*What to do*
From the line containing "Стильная сумка на" through the last line of the data, both ends included, write out every line exactly; omit the pictures.

++++++++++++++++++++

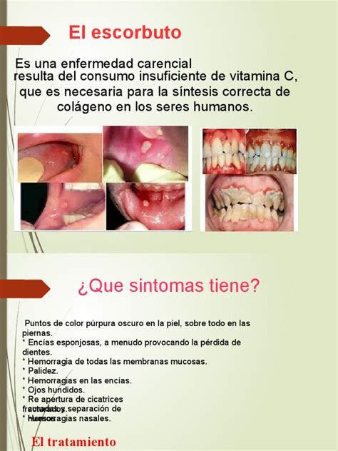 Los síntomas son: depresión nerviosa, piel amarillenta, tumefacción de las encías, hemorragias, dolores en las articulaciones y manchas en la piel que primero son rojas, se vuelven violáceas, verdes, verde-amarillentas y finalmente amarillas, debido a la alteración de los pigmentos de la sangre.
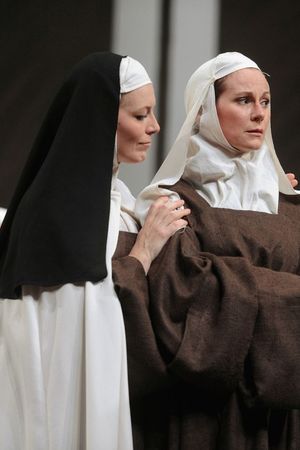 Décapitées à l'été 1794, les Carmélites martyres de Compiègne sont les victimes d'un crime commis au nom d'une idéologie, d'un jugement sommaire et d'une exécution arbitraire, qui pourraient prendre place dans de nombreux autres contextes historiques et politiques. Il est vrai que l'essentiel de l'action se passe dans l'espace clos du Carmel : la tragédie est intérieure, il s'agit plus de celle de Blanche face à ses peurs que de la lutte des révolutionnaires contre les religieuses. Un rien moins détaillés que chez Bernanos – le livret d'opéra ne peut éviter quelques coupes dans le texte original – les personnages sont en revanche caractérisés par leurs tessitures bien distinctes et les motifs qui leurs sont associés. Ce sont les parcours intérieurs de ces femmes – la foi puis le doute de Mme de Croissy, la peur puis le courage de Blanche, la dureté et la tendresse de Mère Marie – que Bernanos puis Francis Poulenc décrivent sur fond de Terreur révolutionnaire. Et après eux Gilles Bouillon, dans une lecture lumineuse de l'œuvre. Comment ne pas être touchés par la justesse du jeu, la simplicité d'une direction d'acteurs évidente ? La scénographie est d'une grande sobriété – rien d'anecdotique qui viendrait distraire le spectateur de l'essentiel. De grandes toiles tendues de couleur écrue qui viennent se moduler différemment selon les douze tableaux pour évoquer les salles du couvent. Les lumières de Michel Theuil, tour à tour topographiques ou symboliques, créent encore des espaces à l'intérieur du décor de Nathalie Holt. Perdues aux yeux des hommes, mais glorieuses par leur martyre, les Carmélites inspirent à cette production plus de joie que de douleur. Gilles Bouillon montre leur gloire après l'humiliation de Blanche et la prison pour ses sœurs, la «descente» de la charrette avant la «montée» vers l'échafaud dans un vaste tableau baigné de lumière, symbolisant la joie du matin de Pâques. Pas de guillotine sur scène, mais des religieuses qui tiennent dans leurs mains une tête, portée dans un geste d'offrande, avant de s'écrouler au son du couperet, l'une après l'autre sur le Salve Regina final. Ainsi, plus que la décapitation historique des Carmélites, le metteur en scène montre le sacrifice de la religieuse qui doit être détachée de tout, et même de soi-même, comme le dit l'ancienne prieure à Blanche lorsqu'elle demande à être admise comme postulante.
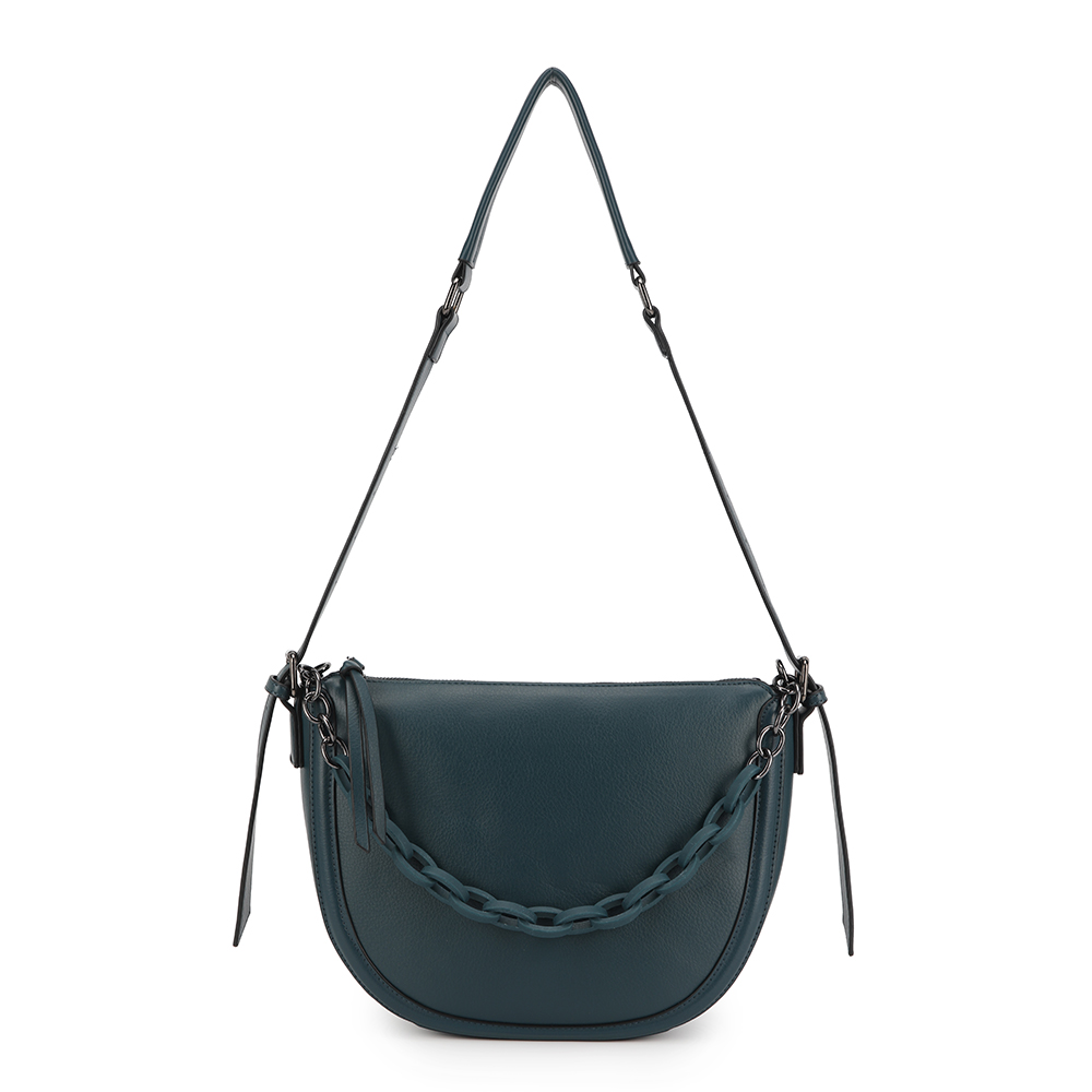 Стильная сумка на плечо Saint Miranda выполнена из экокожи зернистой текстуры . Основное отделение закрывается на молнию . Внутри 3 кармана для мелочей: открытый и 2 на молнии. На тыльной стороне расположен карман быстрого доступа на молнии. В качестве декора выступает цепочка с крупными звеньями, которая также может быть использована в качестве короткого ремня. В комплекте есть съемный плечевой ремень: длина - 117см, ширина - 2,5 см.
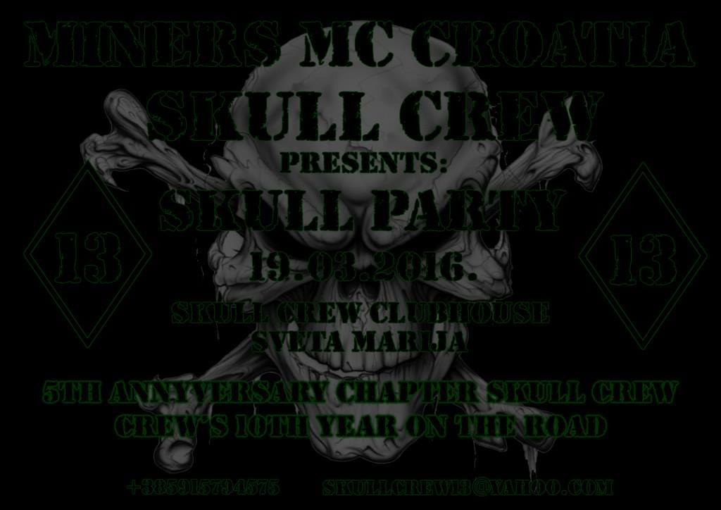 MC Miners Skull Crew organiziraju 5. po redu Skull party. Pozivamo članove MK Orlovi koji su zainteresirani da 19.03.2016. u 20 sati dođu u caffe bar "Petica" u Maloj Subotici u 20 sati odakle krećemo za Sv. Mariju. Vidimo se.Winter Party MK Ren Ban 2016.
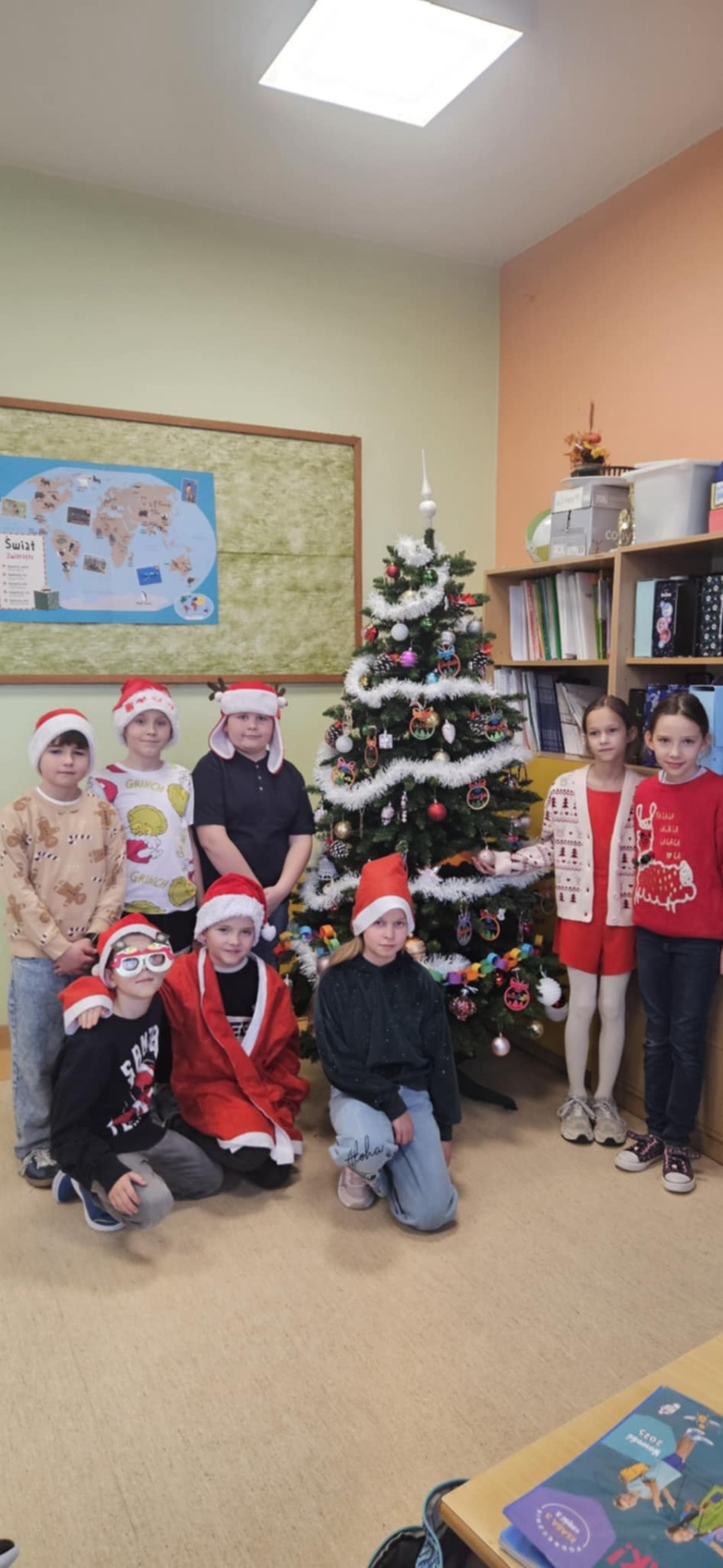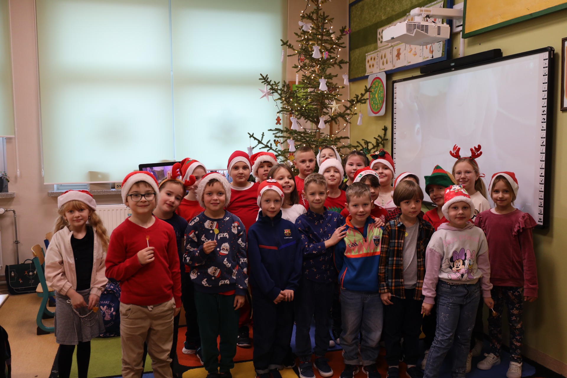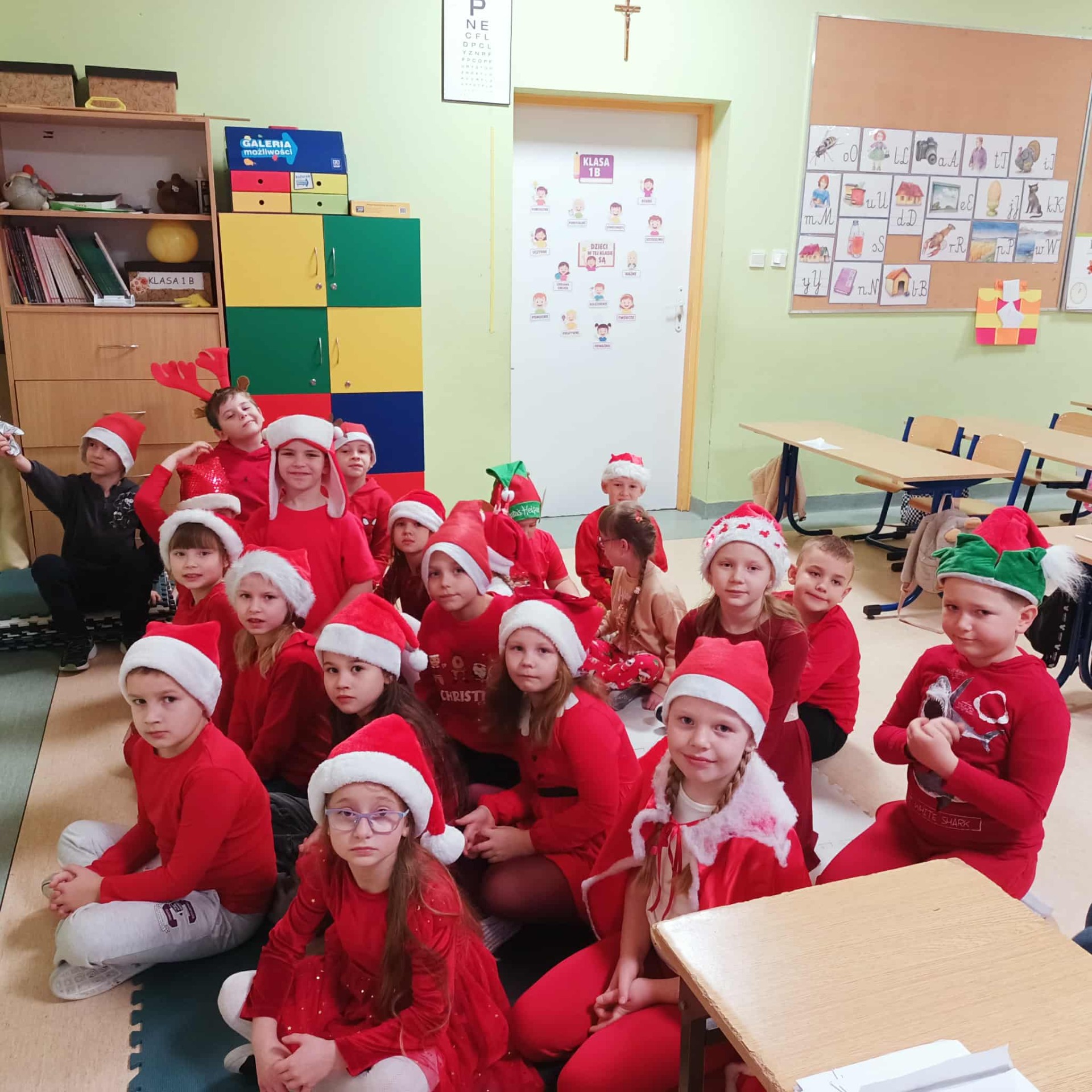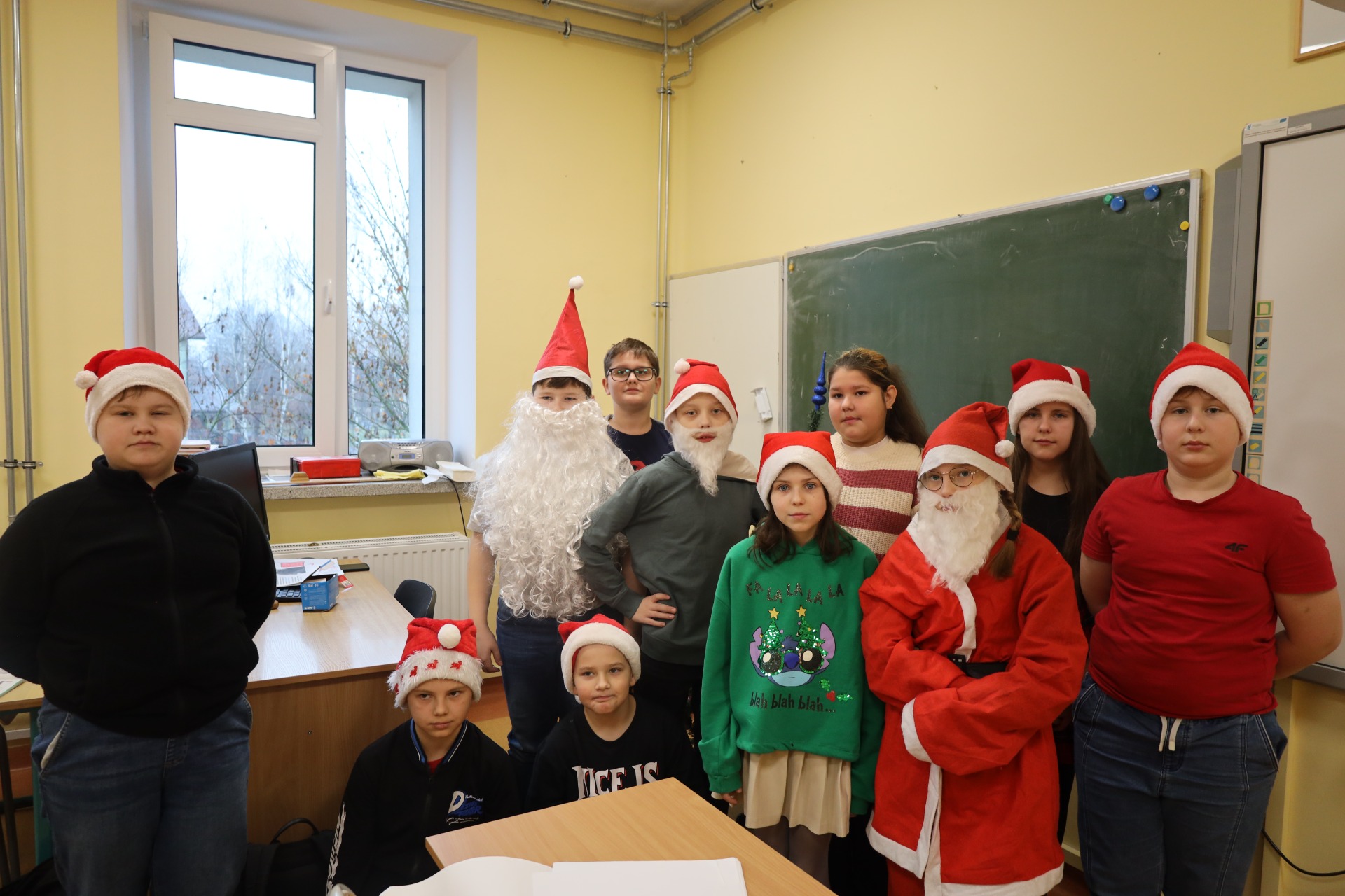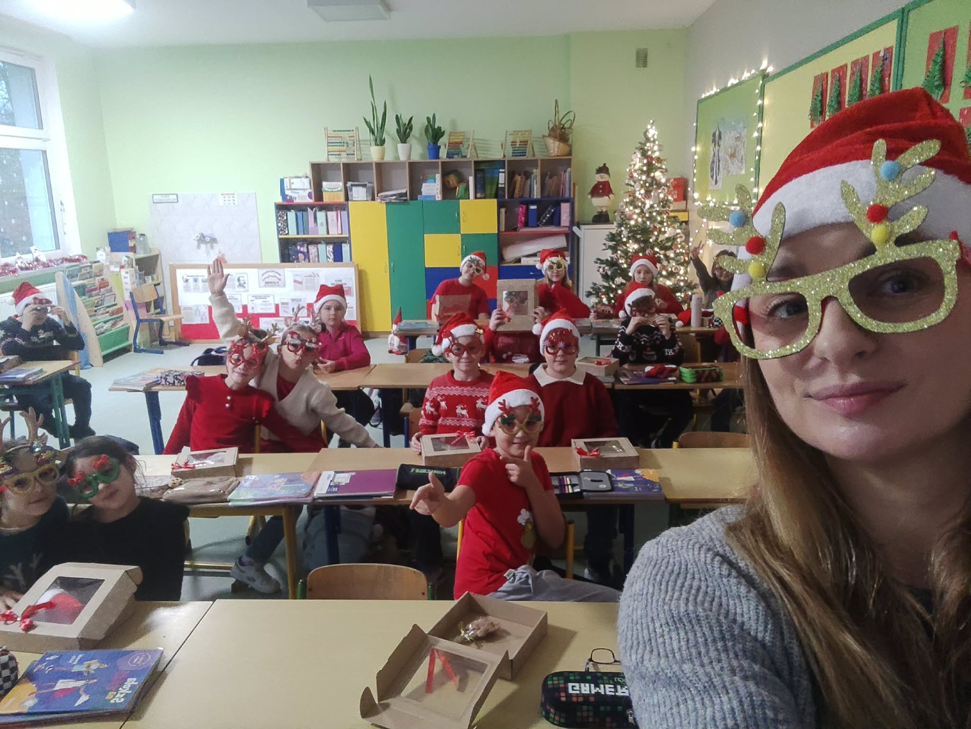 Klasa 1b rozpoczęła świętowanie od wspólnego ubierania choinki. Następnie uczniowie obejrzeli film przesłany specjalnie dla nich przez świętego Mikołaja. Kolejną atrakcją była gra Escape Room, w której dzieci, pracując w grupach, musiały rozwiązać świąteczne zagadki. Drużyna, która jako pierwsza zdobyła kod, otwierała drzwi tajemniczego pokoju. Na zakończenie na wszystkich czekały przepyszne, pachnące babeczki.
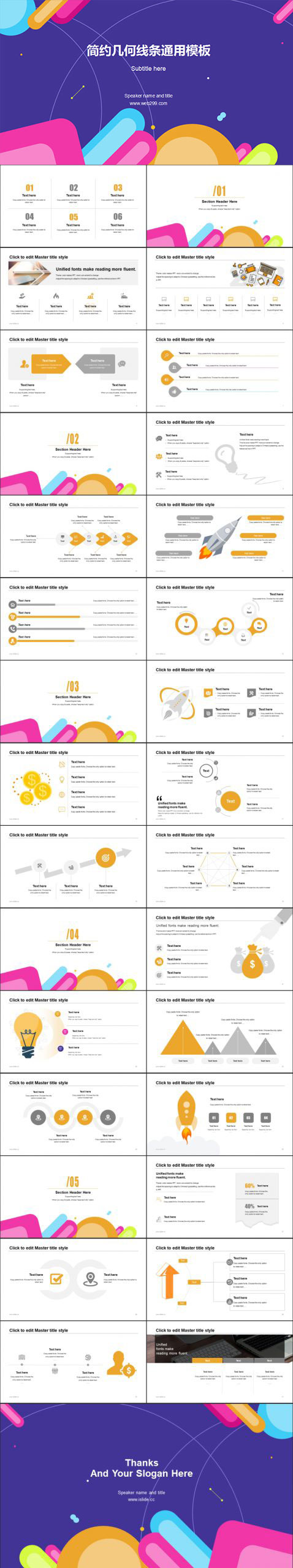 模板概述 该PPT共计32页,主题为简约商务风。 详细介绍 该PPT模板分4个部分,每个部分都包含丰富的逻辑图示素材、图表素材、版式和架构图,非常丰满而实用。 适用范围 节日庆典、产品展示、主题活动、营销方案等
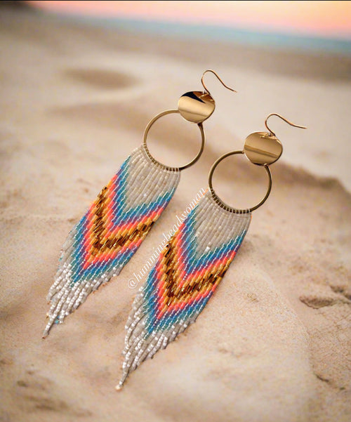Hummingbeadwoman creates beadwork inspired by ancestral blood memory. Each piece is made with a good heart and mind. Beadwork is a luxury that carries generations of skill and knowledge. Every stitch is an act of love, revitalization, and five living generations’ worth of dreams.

++++++++++++++++++++

*Exercise answer*
 Стильная сумка на плечо Saint Miranda выполнена из экокожи зернистой текстуры . Основное отделение закрывается на молнию . Внутри 3 кармана для мелочей: открытый и 2 на молнии. На тыльной стороне расположен карман быстрого доступа на молнии. В качестве декора выступает цепочка с крупными звеньями, которая также может быть использована в качестве короткого ремня. В комплекте есть съемный плечевой ремень: длина - 117см, ширина - 2,5 см.
 MC Miners Skull Crew organiziraju 5. po redu Skull party. Pozivamo članove MK Orlovi koji su zainteresirani da 19.03.2016. u 20 sati dođu u caffe bar "Petica" u Maloj Subotici u 20 sati odakle krećemo za Sv. Mariju. Vidimo se.Winter Party MK Ren Ban 2016.
 Klasa 1b rozpoczęła świętowanie od wspólnego ubierania choinki. Następnie uczniowie obejrzeli film przesłany specjalnie dla nich przez świętego Mikołaja. Kolejną atrakcją była gra Escape Room, w której dzieci, pracując w grupach, musiały rozwiązać świąteczne zagadki. Drużyna, która jako pierwsza zdobyła kod, otwierała drzwi tajemniczego pokoju. Na zakończenie na wszystkich czekały przepyszne, pachnące babeczki.
 模板概述 该PPT共计32页,主题为简约商务风。 详细介绍 该PPT模板分4个部分,每个部分都包含丰富的逻辑图示素材、图表素材、版式和架构图,非常丰满而实用。 适用范围 节日庆典、产品展示、主题活动、营销方案等
Hummingbeadwoman creates beadwork inspired by ancestral blood memory. Each piece is made with a good heart and mind. Beadwork is a luxury that carries generations of skill and knowledge. Every stitch is an act of love, revitalization, and five living generations’ worth of dreams.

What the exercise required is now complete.